11.03.2009 - 31.03.2009

12.589,28

0,00

12.589,28

21

0,0079

20,89

Abgabenschuld

2.010,77 €

Mit Schriftsatz vom 1. Mai 2010 brachte der Bw. einen Antrag gemäß § 293 BAO ein. Eine Nachkontrolle des Bescheides vom 23. September 2009 über die Festsetzung von Anspruchszinsen habe offenbare Rechenfehler seitens der Behörde ergeben, da laut Berechnung des Bw. nachstehende Beträge an Zinsen ermittelt worden wären:

01.10.2005 - 26.04.2006

248,94 €

27.04.2006 - 10.10.2006

228,67 €

11.10.2006 - 13.03.2007

248,07 €

14.03.2007 - 08.07.2008

863,69 €

09.07.2008 - 14.10.2008

192,14 €

15.10.2008 - 11.11.2008

49,41 €

12.11.2008 - 09.12.2008

44,59 €

10.12.2008 - 20.01.2009

56,13 €

21.01.2009 - 10.03.2009

57,12 €

11.03.2009 - 31.03.2009

20,86 €

Summe

2.009,62 €

Mit dem angeführten Bescheid seien Zinsen in Höhe von 2.010,77 € vorgeschrieben worden. Da die Einjahresfrist nach § 302 Abs. 2 lit. a BAO noch offen sei, werde der Bescheid entsprechend zu korrigieren sein, da es sich hier offensichtlich um einen Rechenfehler allenfalls um einen EDV-Fehler handle, welcher einer Berichtigung nach § 293 BAO zugänglich sei.
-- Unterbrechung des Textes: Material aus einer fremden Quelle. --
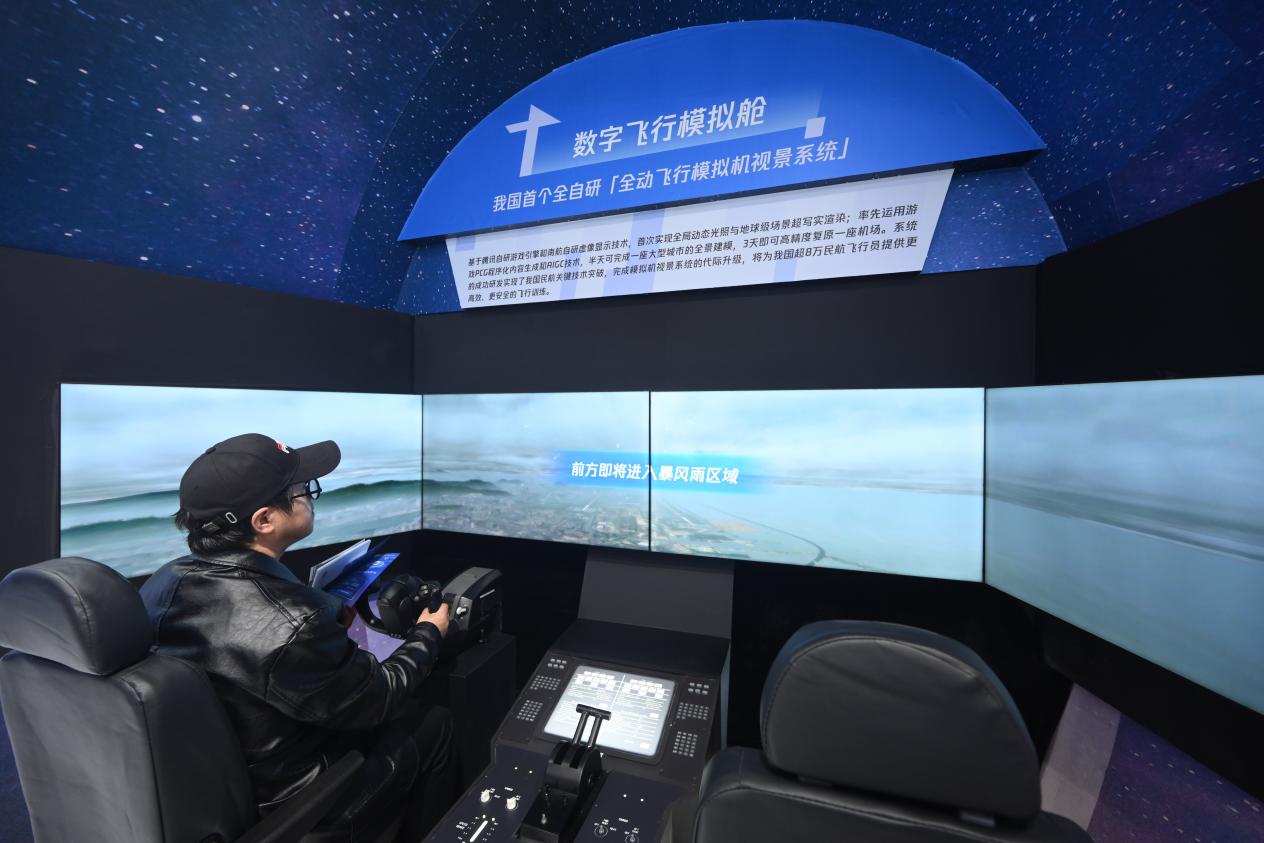 “只需要推動操縱桿,就能操作系統(tǒng),體驗民航飛行員第一視角下、擬真的訓練場景……”在展區(qū)前方,由南航自研虛像顯示技術和騰訊自研游戲引擎技術共同打造的全動飛行模擬機視景系統(tǒng),吸引眾多參觀者體驗?;隍v訊自研游戲引擎,系統(tǒng)首次實現(xiàn)全局動態(tài)光照與地球級場景超寫實渲染,多邊形生成面數(shù)較之前提升380倍、貼圖精細度提升100倍,助力實現(xiàn)我國民航關鍵技術突破。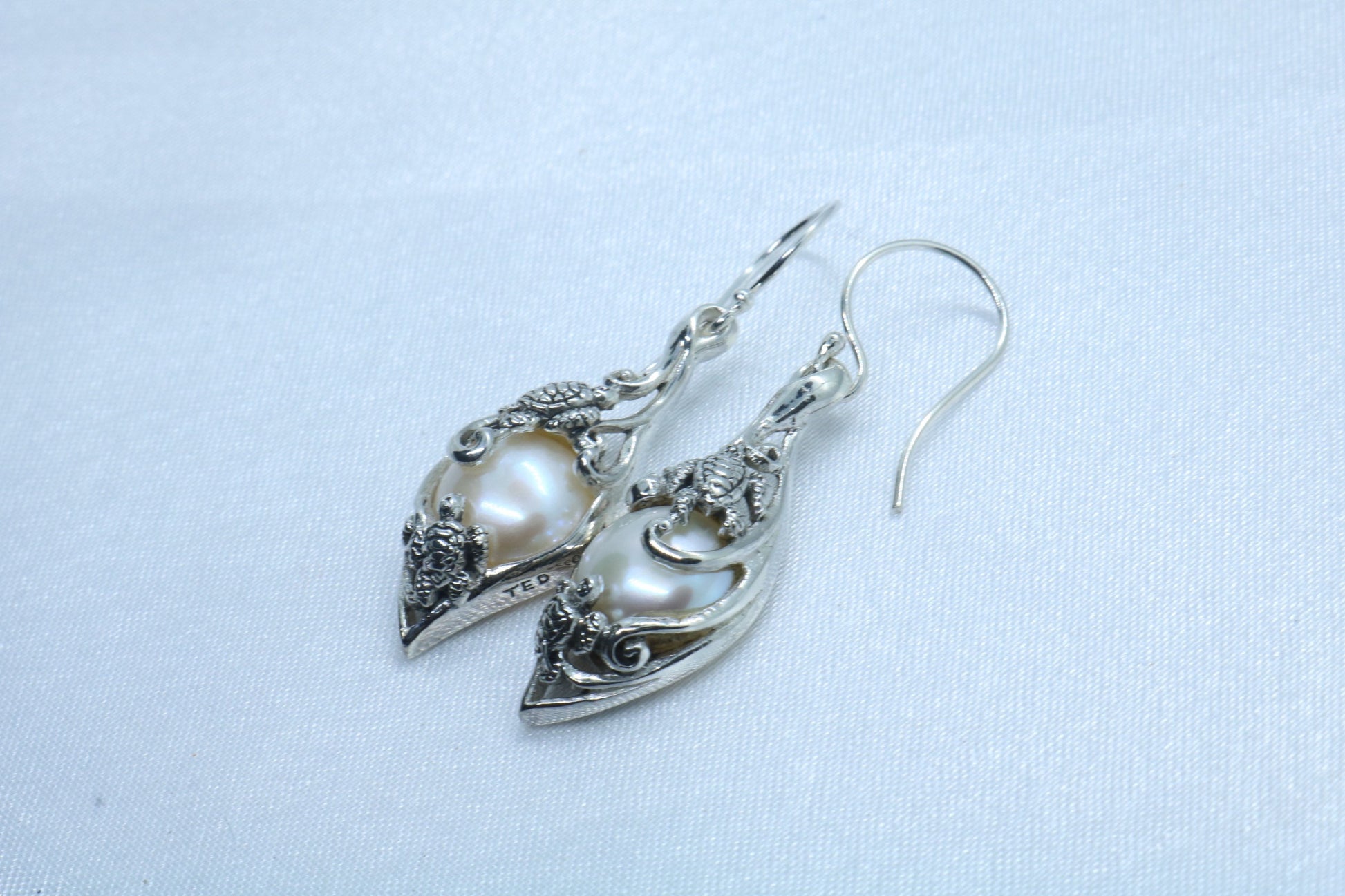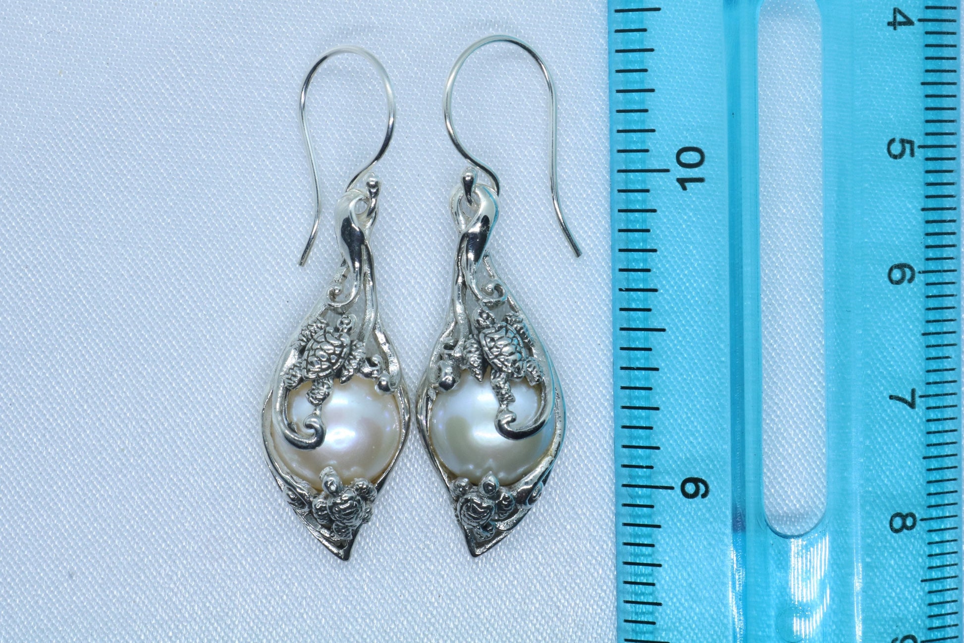 Turtles Hawaiian Honu Mabe White Pearl Silver Earrings

Mit Bescheid vom 12. November 2010 wies die Abgabenbehörde erster Instanz den Antrag gemäß § 293 BAO vom 1. Mai 2010 ab. Zur Begründung wurde ausgeführt, dass eine unrichtige Berechnung nicht vorliege. Außerdem wäre im vorliegenden Fall auch wegen der Geringfügigkeit der Auswirkungen von der Erlassung eines geänderten Bescheides abzusehen (Ermessensübung im Sinne des § 20 BAO).

Mit Schreiben vom 2. Dezember 2010 wurde gegen den Bescheid über die Abweisung des Antrages gemäß § 293 BAO das Rechtsmittel der Berufung eingebracht. Es werde in diesem Verfahren mangelnde Bescheidbegründung geltend gemacht. Die Begründung, dass eine unrichtige Berechnung nicht vorliege, sei falsch, nachdem die Berechnung durch den Bw. im Antrag nach § 293 BAO genau dargelegt worden sei. Die Behörde habe sich daher mit dem Vorbringen des Bw. dezidiert auseinanderzusetzen und zu begründen. Aus der Begründung muss sich nämlich, wie der Verwaltungsgerichtshof etwa im Erkenntnis vom 28.5.1997, 94/13/0200, zum Ausdruck gebracht habe ergeben, aus welchen Erwägungen die Behörde zur Ansicht gelangt sei, dass gerade der festgestellte und nicht ein anderer Sachverhalt vorliege. Dabei habe sich die Behörde auch mit dem Vorbringen der Partei auseinanderzusetzen. Dieser Begründungspflicht sei die belangte Behörde nicht nachgekommen. Die weiters in der Bescheidbegründung im angefochtenen Bescheid vom 12. November 2010 angeführte Ermessensübung sei in keinster Weise begründet. Der dem angefochtenen Bescheid zugrunde liegende Bescheid vom 23. September 2009 sei auch wegen Rechtswidrigkeit behaftet, da insbesondere aus dem Bescheid die Höhe der verrechneten Zinsen nicht nachvollziehbar sei, sodass dieser mangelhaft sei. Die Berufung werde auf jeden nur erdenklichen Rechtsgrund gestützt. Es werde beantragt, den Bescheid wegen Rechtswidrigkeit und Verfahrensmängel aufzuheben.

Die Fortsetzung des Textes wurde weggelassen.